Most of us would agree that the future of the planet is a relevant subject for national and world leaders to engage with. Cameron dismisses such concerns as “green crap”. Apparently it doesn’t matter what kind of world we leave for our great-grandchildren, or how they’ll look back on us.
The National Health Service is important for itself and as a political issue. It’s mostly about money. The best way to save NHS money is to stop people getting ill. The annual bill for conditions connected with stress, depression and obesity is colossal. It’s been demonstrated a thousand times that access to the natural environment is a huge help in combating all these problems. But that’s a long-term issue and it’s not going to swing an election. So it’s no one’s great priority.
Five years. Why should a politician think about a longer stretch of time? A politician’s definition of long-term thinking is the year after the next election. The planet is not going to implode within five years or even five and bit: so its future is irrelevant. That’s why climate change has been given little more than polite platitudes ever since the subject came up 40-odd years ago. It’s something for the next bloke to worry about it.
Winston Churchill said that democracy was the worst form of government apart from all the others that have been tried. Admittedly in a democracy you are less likely to get slammed into jail without trial and then dropped from an aeroplane while your pre-pubescent daughter is handed over to the president – Paraguay tried that under Alfredo Stroessner – but there’s a price to pay for democracy and that price is short-termism. Another name for short-termism is trivialisation.

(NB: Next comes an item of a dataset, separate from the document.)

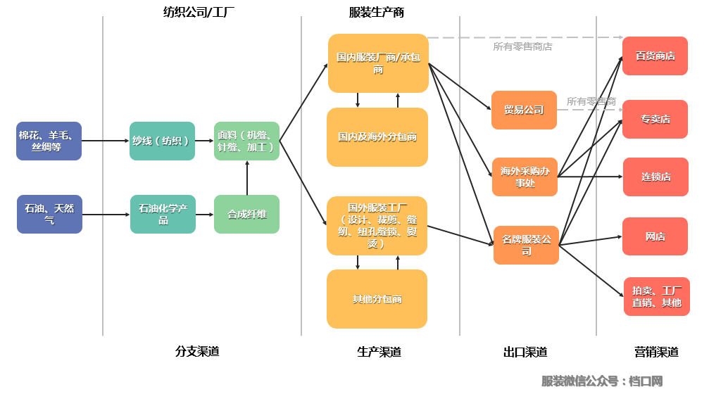 服装行业价值链属于消费者驱动型,消费者决定以何种价格生产何种产品。通常来说,大型外贸服装公司将生产外包予最具价格竞争力的发展中国家分包生产渠道。外贸服装公司包括已开发市场的零售商及品牌拥有人。这类服装公司通常控制着服装价值链中最具价值的活动(如设计、营销及销售)。服装供应链管理公司提供的主要增值服务包括:
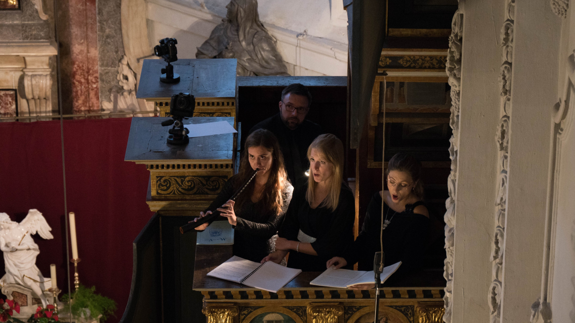 En los diversos proyectos musicales de Innsbrucker Hofmusik se explotan las posibilidades que ofrece el espacio sonoro de la iglesia y se buscan soluciones nuevas e inesperadas. Puedo decir por experiencia personal que, sentado en la iglesia para escuchar un concierto, uno tiene la sensación de verse envuelto por la música y a veces no entiende exactamente de dónde viene. Prefiero elegir un asiento un poco al fondo y, de vez en cuando, cerrar los ojos. Entonces toda la atención se centra en el sonido y uno tiene la sensación de estar inmerso en un flujo armonioso creado por voces e instrumentos musicales.

Perhaps we get the politicians we deserve. Perhaps we should expect politicians to answer – I mean answer, rather than dance around with brilliant dialectical skills – serious questions about serious issues. Maybe the root of the problem is the realisation that a few thousand ditherers who, by some geopolitical caprice, find themselves in a marginal constituency, are the masters of the nation’s fate.
The whole process lacks seriousness. Hardly anyone in politics would think of standing up for the long-term future of the planet. It’s so much easier to carry on as we are – that is to say, as if we had another couple of planets to spare. Anyway, if you ask a question of genuine importance you’ll only be told how badly the other lot are doing, and that you’ll have a lot less money to spend if they get into power.
When I was a boy I imagined that politics was full of people with ideals and dreams and visions: people who wanted to lead the rest of us towards a better time, doing things our children and our great-grandchildren would thank us for. But it doesn’t seem to be like that, does it?
Cheers, Brian, yes, it’s a very satisfying win. But we’re not getting ahead of ourselves, Brian. We’re just taking each match as it comes.